■ **Your goal**: Please give all of the data again, character for character, and drop the pictures.

■ **Given records**:
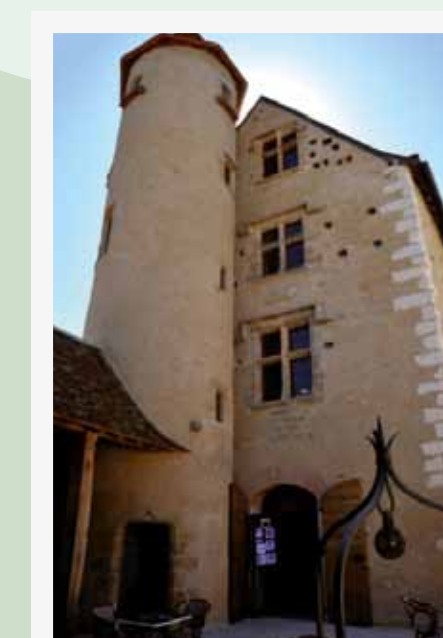
La Maison Belluix Datant du XV e , elle possède 2 étages carrés et un étage de combles desservis par une tour à escalier circulaire. L'édifice abrita une minoterie au XX e s. et accueille aujourd'hui un espace dédié à une médiathèque et la cuisine du Béarn et de l'Adour.
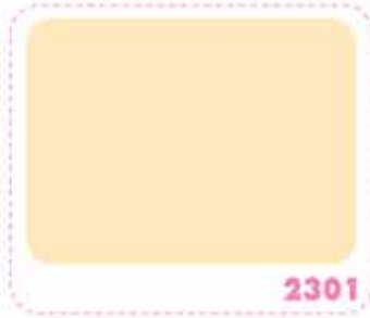
สีเหลืองแพรไหม SILK YELLOW
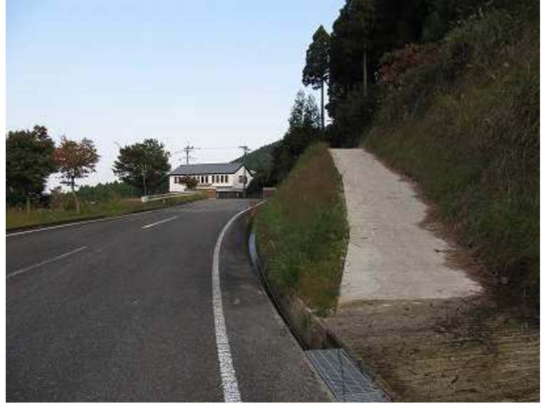
8:48 奥の建物が福太郎株式会社 右のコンクリート林道を上る
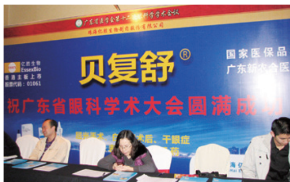
二零一一年十二月十日廣東省第十二屆眼科大會在廣東汕頭舉行
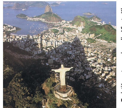
Turistično stran pripravila Vlasta Klep

Vendar neupogljiv duh Ria de Janeiro preveva tudi njegova naselja kolib. Na obeh koncih - tako v favelah kot bogataških četrtih - je Rio mesto glasbe in plesa. Živahna brazilska ljudska glasba se razlega povsod; nam najbolj znani sta bossa nova in samba. Znamenite šole sambe, no, bolj plesni klubi kot šole, so pogosto v favelah. Plesalci se urijo pozno v noč, pagodes (nastope s sambo) pa prirejajo na peščinah. Prav tako utrjena navada je brazilske navdušenje za šport, zlasti za futebol - nogomet. Veli-
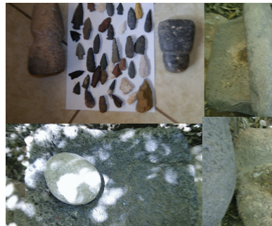
Objetos usados por los Opatas: Pedernales para flechas, metate, piedras para machacar y hachas de piedra, 2020

Hablaban la lengua tegüima o eudebe llamada también ópata, armoniosa y rica en vocablos derivada del náhuatl. La lengua desapareció porque ellos aprendían con facilidad el español, de tal modo que dejaron de hablarla hoy en el municipio nadie habla ópata, usamos a

■ **Answer to this task**:
La Maison Belluix Datant du XV e , elle possède 2 étages carrés et un étage de combles desservis par une tour à escalier circulaire. L'édifice abrita une minoterie au XX e s. et accueille aujourd'hui un espace dédié à une médiathèque et la cuisine du Béarn et de l'Adour.
สีเหลืองแพรไหม SILK YELLOW
8:48 奥の建物が福太郎株式会社 右のコンクリート林道を上る
二零一一年十二月十日廣東省第十二屆眼科大會在廣東汕頭舉行
Turistično stran pripravila Vlasta Klep

Vendar neupogljiv duh Ria de Janeiro preveva tudi njegova naselja kolib. Na obeh koncih - tako v favelah kot bogataških četrtih - je Rio mesto glasbe in plesa. Živahna brazilska ljudska glasba se razlega povsod; nam najbolj znani sta bossa nova in samba. Znamenite šole sambe, no, bolj plesni klubi kot šole, so pogosto v favelah. Plesalci se urijo pozno v noč, pagodes (nastope s sambo) pa prirejajo na peščinah. Prav tako utrjena navada je brazilske navdušenje za šport, zlasti za futebol - nogomet. Veli-
Objetos usados por los Opatas: Pedernales para flechas, metate, piedras para machacar y hachas de piedra, 2020

Hablaban la lengua tegüima o eudebe llamada también ópata, armoniosa y rica en vocablos derivada del náhuatl. La lengua desapareció porque ellos aprendían con facilidad el español, de tal modo que dejaron de hablarla hoy en el municipio nadie habla ópata, usamos a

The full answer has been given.